В конечном итоге источником самого глубокого разочарования для советских пропагандистов атеизма стал сам советский народ, поскольку им так и не удалось воплотить в жизнь атеистический идеал идейной стойкости, научного мировоззрения и социалистического образа жизни. Как сформулировал один участник круглого стола в обществе «Знание» в 1985 г., посвященного вопросам научного атеизма,
это люди не очень высокого духовного уровня, которые думают, что чем больше торжественности, тем лучше, прочнее семья. Стараются взять все больше и больше. Мировоззренческая позиция – понятие, неприложимое к этим людям. Мы свой собственный духовный мир выдаем за мир этих людей. Они учились в школе, наши люди, хорошие люди. А остаются на бытовом уровне, где нет мировоззрения. Там повседневное стихийное сознание. Я не считаю, что здесь требуется очень глубокий анализ. Начальник ОБХСС в Бухаре при аресте обнаружил около ста телевизоров. Убеждение – надо тащить к себе как можно больше этих «побрякушек» и так далее. Побрякушка – наш обряд – я возьму, религиозный – тоже возьму. Это тип людей. Здесь не при чем убеждения. И Бог и не Бог919.

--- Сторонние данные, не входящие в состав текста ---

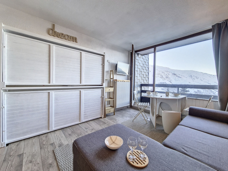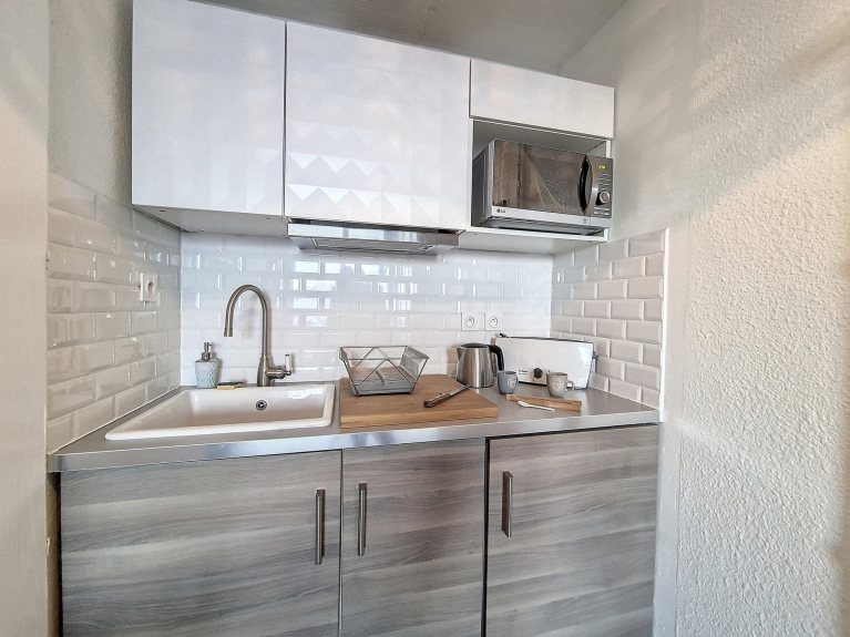 Monolocale completamente ristrutturato nel 2023 di 17 m² per 3 persone. Ha un balcone a NORD-OVEST e si trova al piano terra dell'edificio.
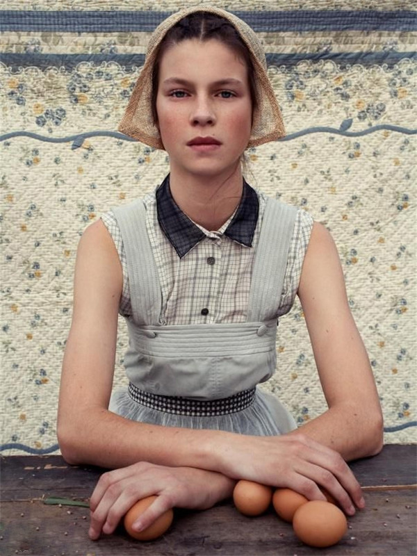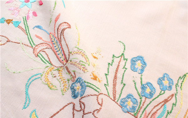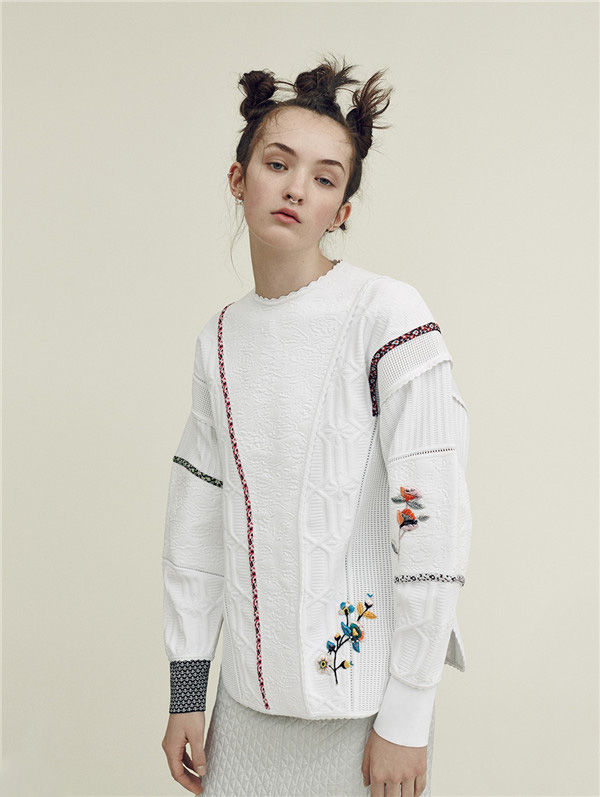 用于头巾或亚麻连衣裙、宽松上衣和夹克的刺绣图案,灵感源于传统的家庭餐桌布。采用清新淡雅的底色,如白色与淡褐色搭配样品式的十字绣、绸缎和绒线边缘图案。
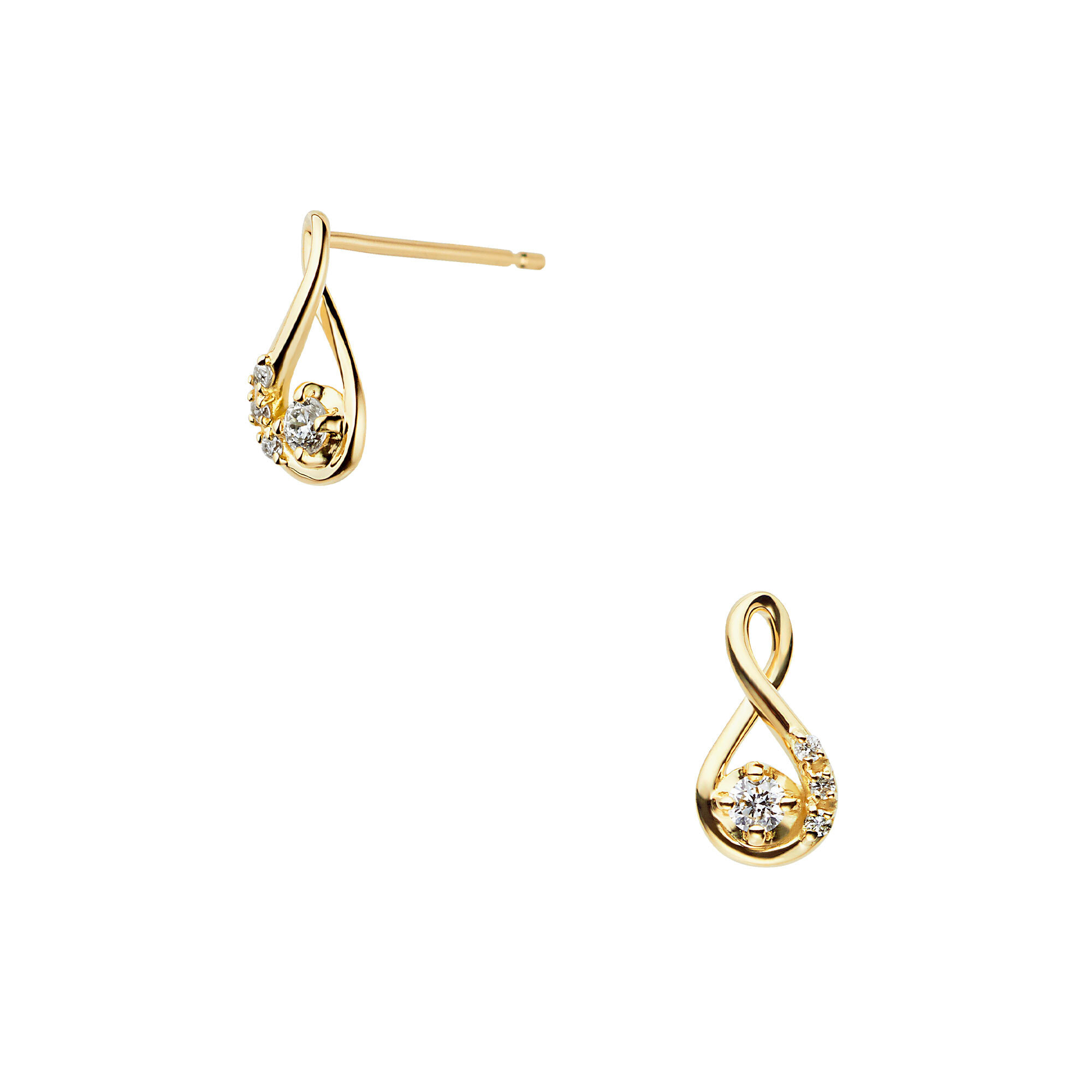 流れるような立体的なデザインに、無垢の象徴のダイヤモンドを配したピアスは、プレゼントにもおすすめのアイテムです。
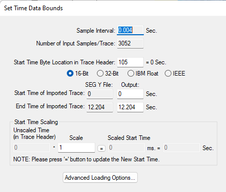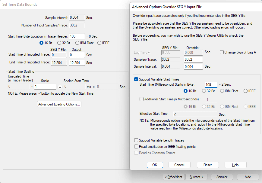 tick « Support Variable Start Times » and check in seismic explore bytes 105 to 109
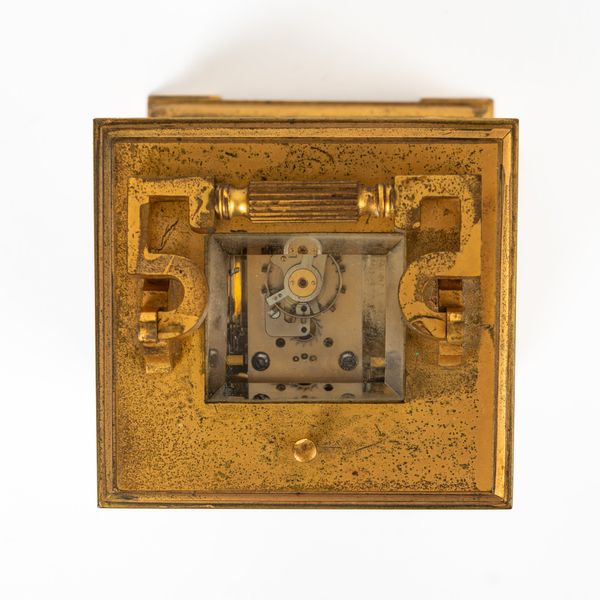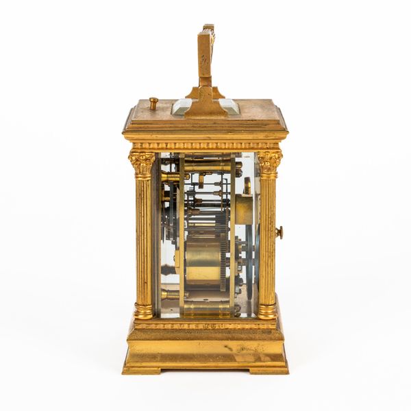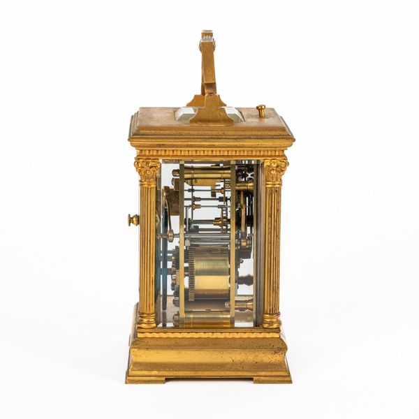 The Anglaise Riche style case with bevelled glass panels, shaped handle, push/repeat above fluted classical three-quarter columns, the twin train movement with replaced silvered platform lever escapement, striking the hour and half on a blued steel gong

В отличие от убежденных пропагандистов научного атеизма, большинство советских людей так никогда и не смогло впустить атеистические убеждения в свой внутренний мир и принять идеологическую концепцию социалистического образа жизни – что оставило коммунизм недостижимым.
Заключение
Осиротевшее дитя утопии: советский атеизм и конец коммунистического проекта
С 5 по 12 июня 1988 г. в Москве широко отмечалось тысячелетие крещения Руси; на территории СССР юбилейные мероприятия продолжались в течение всего месяца. Юбилейные торжества были отмечены всеми символическими атрибутами политического покровительства: как и мероприятия, имеющие отношение к важным советским учреждениям, они проходили в Большом театре, где присутствовали видные официальные лица и общественные деятели, в том числе председатель Президиума Верховного Совета СССР Андрей Громыко, председатель СДР Константин Харчев, курировавший дела религий в ЦК КПСС Вадим Медведев и, наконец, супруга Горбачева – Раиса920. Харчев даже вызвал лимузин марки ЗИЛ – автомобиль, закрепленный за советской политической элитой, – чтобы доставить на юбилейное торжество патриарха Пимена. Тем самым он дал понять публике, что новый курс в отношении религии официально санкционирован921. Юбилейные торжества широко освещались в печати и на телевидении – к большому удивлению советской аудитории, привыкшей, что религия изображается как мир отсталых старушек и фанатиков-сектантов922. Впервые после Октябрьской революции религия стала считаться полноправной частью прошлого страны и – что, возможно, было еще важнее – нормальной частью настоящего923.
Возвращение религии
Трудно противостоять искушению рассматривать поворот официального курса советского государства по отношению к религии и атеизму как часть более широких процессов либерализации советского общества в ходе перестройки, но это было бы ошибочно. На самом деле, когда Горбачев в 1985 г. был избран на пост Генерального секретаря ЦК КПСС, он не дал партии повода усомниться в искренности своей веры, что коммунистический строй является лучшей из всех возможных общественных систем и что текущая политическая задача состоит в том, чтобы устранить препятствия, мешающие идеалам коммунизма наконец воплотиться в жизнь. Но перестройка была не только экономической и политической программой; это был призыв к моральному и духовному обновлению. Когда Горбачев подвергал критике застой брежневских времен, он имел в виду не только снижение экономических показателей, но также всепроникающую коррупцию, цинизм и падение нравов, ставшие негласной нормой жизни советского общества. Настоятельные требования партии преодолеть индифферентность и воспитывать идейную убежденность означали, что к 1985 г. самой партии стало ясно: она утрачивает влияние на советское общество, а экономические и политические реформы смогут принести результат только в случае, если советские граждане смогут вновь поверить в систему, – цель, которую партия обозначила как «активизацию человеческого фактора». Когда Горбачев приступил к перестройке, его позиция в отношении религии и атеизма оставалась той же, что и у его предшественников. Даже когда Горбачев диагностировал падение нравов и духовное нездоровье советского общества, первоначально он не предлагал религию в качестве лекарства. Партия ослабила контроль в сфере экономики и общественной жизни, но не отказалась от приверженности атеизму.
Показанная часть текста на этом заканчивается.